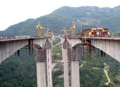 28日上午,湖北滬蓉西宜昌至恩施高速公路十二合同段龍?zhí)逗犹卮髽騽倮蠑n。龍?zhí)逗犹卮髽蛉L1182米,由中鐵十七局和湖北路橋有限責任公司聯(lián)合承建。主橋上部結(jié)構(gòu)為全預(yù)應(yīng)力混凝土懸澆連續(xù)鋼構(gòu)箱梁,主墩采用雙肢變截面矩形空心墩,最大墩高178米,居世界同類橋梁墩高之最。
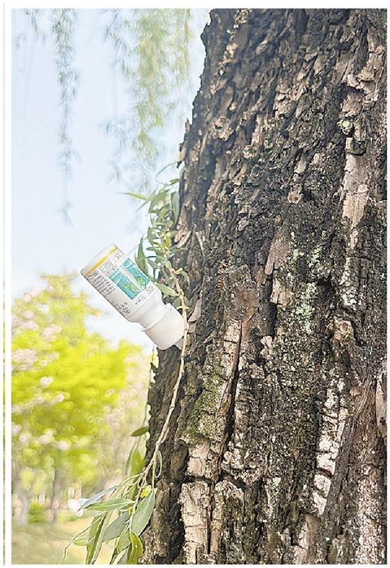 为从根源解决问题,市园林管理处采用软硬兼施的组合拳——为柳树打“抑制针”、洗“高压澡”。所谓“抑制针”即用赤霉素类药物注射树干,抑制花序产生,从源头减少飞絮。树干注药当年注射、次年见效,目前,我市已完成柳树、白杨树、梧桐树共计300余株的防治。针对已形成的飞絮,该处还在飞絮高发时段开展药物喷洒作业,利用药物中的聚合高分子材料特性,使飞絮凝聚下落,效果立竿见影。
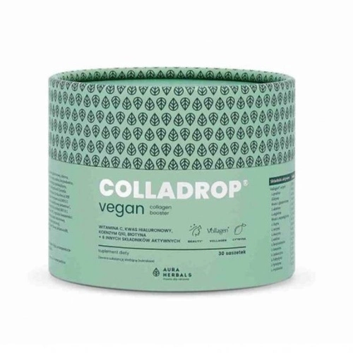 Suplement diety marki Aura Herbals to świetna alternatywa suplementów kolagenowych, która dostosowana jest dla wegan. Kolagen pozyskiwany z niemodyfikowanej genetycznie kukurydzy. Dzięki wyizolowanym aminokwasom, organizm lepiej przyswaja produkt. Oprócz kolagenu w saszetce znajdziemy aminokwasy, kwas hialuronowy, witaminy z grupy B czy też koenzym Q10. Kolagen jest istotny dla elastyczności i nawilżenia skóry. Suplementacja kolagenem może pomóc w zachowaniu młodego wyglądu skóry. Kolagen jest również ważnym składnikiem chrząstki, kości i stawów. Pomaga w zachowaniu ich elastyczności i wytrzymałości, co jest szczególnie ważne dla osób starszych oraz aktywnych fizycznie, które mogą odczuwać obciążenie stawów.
• • • • •
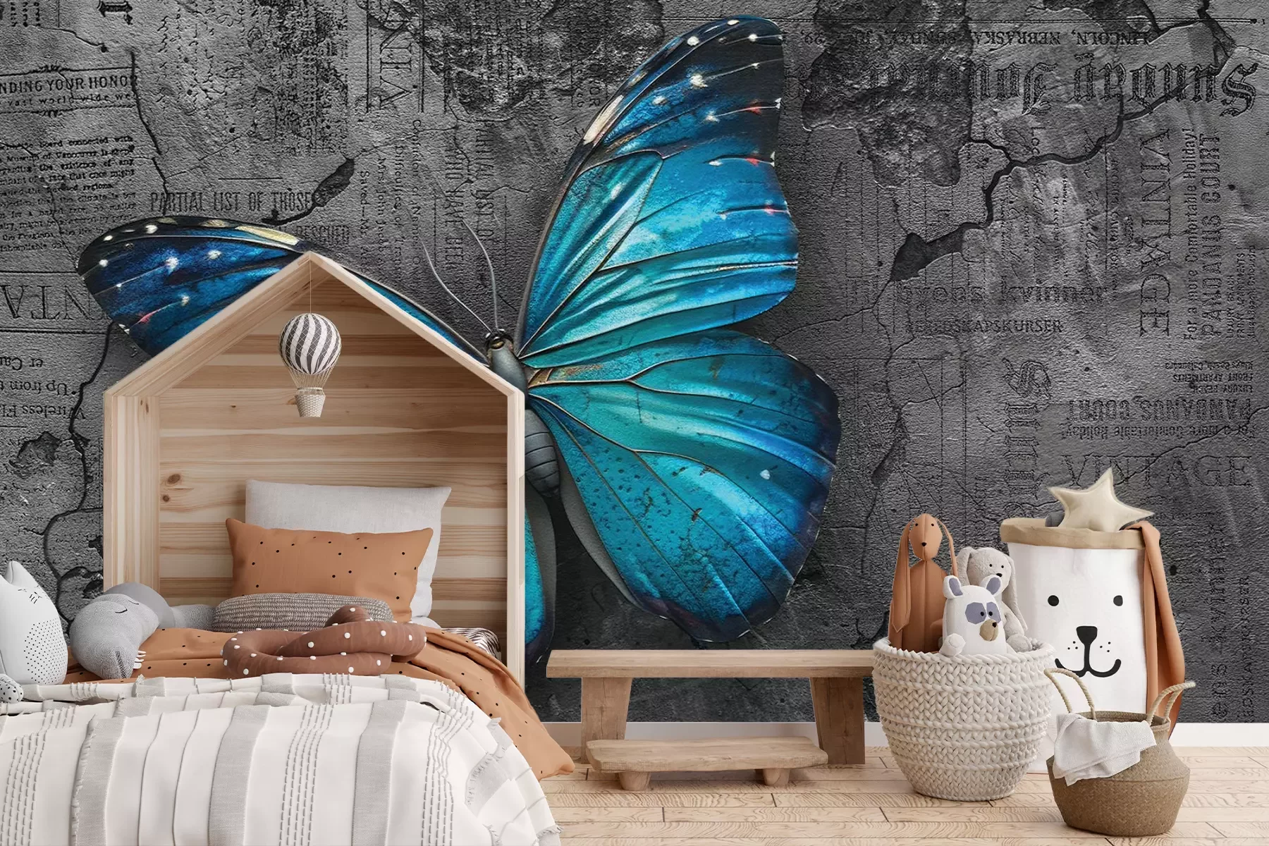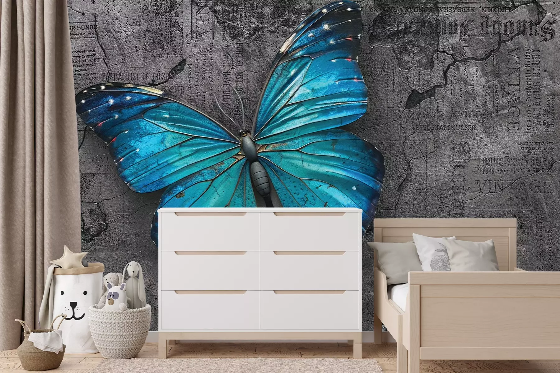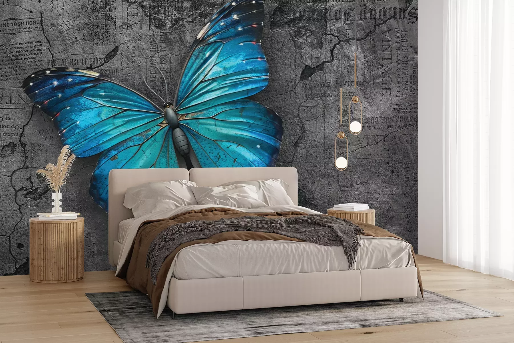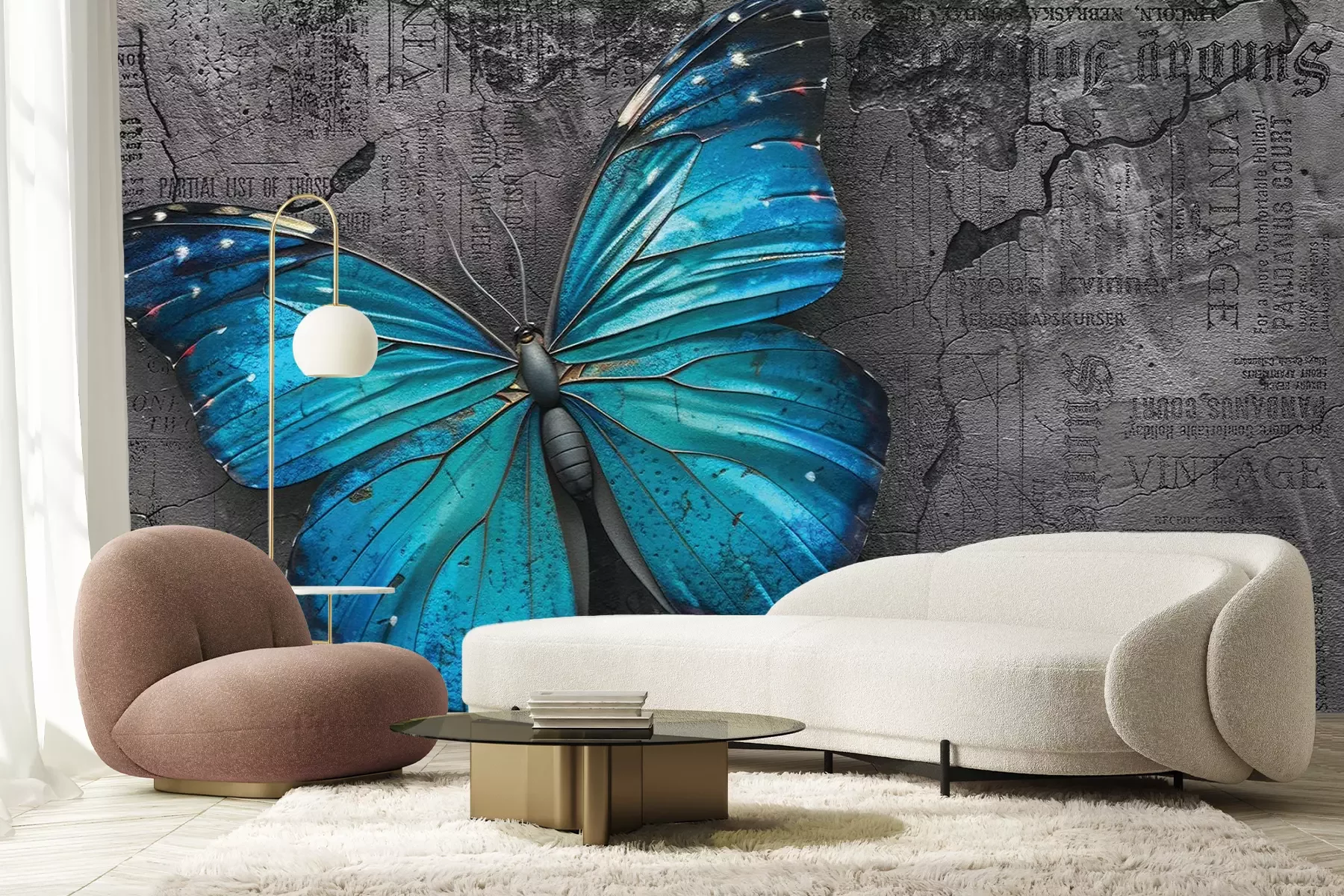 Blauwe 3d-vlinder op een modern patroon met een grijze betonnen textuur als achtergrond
• • • • •
• _Task details_
Using the records above, print exactly the lines between the ones containing "28日上午,湖北滬蓉西宜昌至" and "Suplement diety marki", inclusive, and nothing else; no pictures.

• _Answer space_
 28日上午,湖北滬蓉西宜昌至恩施高速公路十二合同段龍?zhí)逗犹卮髽騽倮蠑n。龍?zhí)逗犹卮髽蛉L1182米,由中鐵十七局和湖北路橋有限責任公司聯(lián)合承建。主橋上部結(jié)構(gòu)為全預(yù)應(yīng)力混凝土懸澆連續(xù)鋼構(gòu)箱梁,主墩采用雙肢變截面矩形空心墩,最大墩高178米,居世界同類橋梁墩高之最。
 为从根源解决问题,市园林管理处采用软硬兼施的组合拳——为柳树打“抑制针”、洗“高压澡”。所谓“抑制针”即用赤霉素类药物注射树干,抑制花序产生,从源头减少飞絮。树干注药当年注射、次年见效,目前,我市已完成柳树、白杨树、梧桐树共计300余株的防治。针对已形成的飞絮,该处还在飞絮高发时段开展药物喷洒作业,利用药物中的聚合高分子材料特性,使飞絮凝聚下落,效果立竿见影。
 Suplement diety marki Aura Herbals to świetna alternatywa suplementów kolagenowych, która dostosowana jest dla wegan. Kolagen pozyskiwany z niemodyfikowanej genetycznie kukurydzy. Dzięki wyizolowanym aminokwasom, organizm lepiej przyswaja produkt. Oprócz kolagenu w saszetce znajdziemy aminokwasy, kwas hialuronowy, witaminy z grupy B czy też koenzym Q10. Kolagen jest istotny dla elastyczności i nawilżenia skóry. Suplementacja kolagenem może pomóc w zachowaniu młodego wyglądu skóry. Kolagen jest również ważnym składnikiem chrząstki, kości i stawów. Pomaga w zachowaniu ich elastyczności i wytrzymałości, co jest szczególnie ważne dla osób starszych oraz aktywnych fizycznie, które mogą odczuwać obciążenie stawów.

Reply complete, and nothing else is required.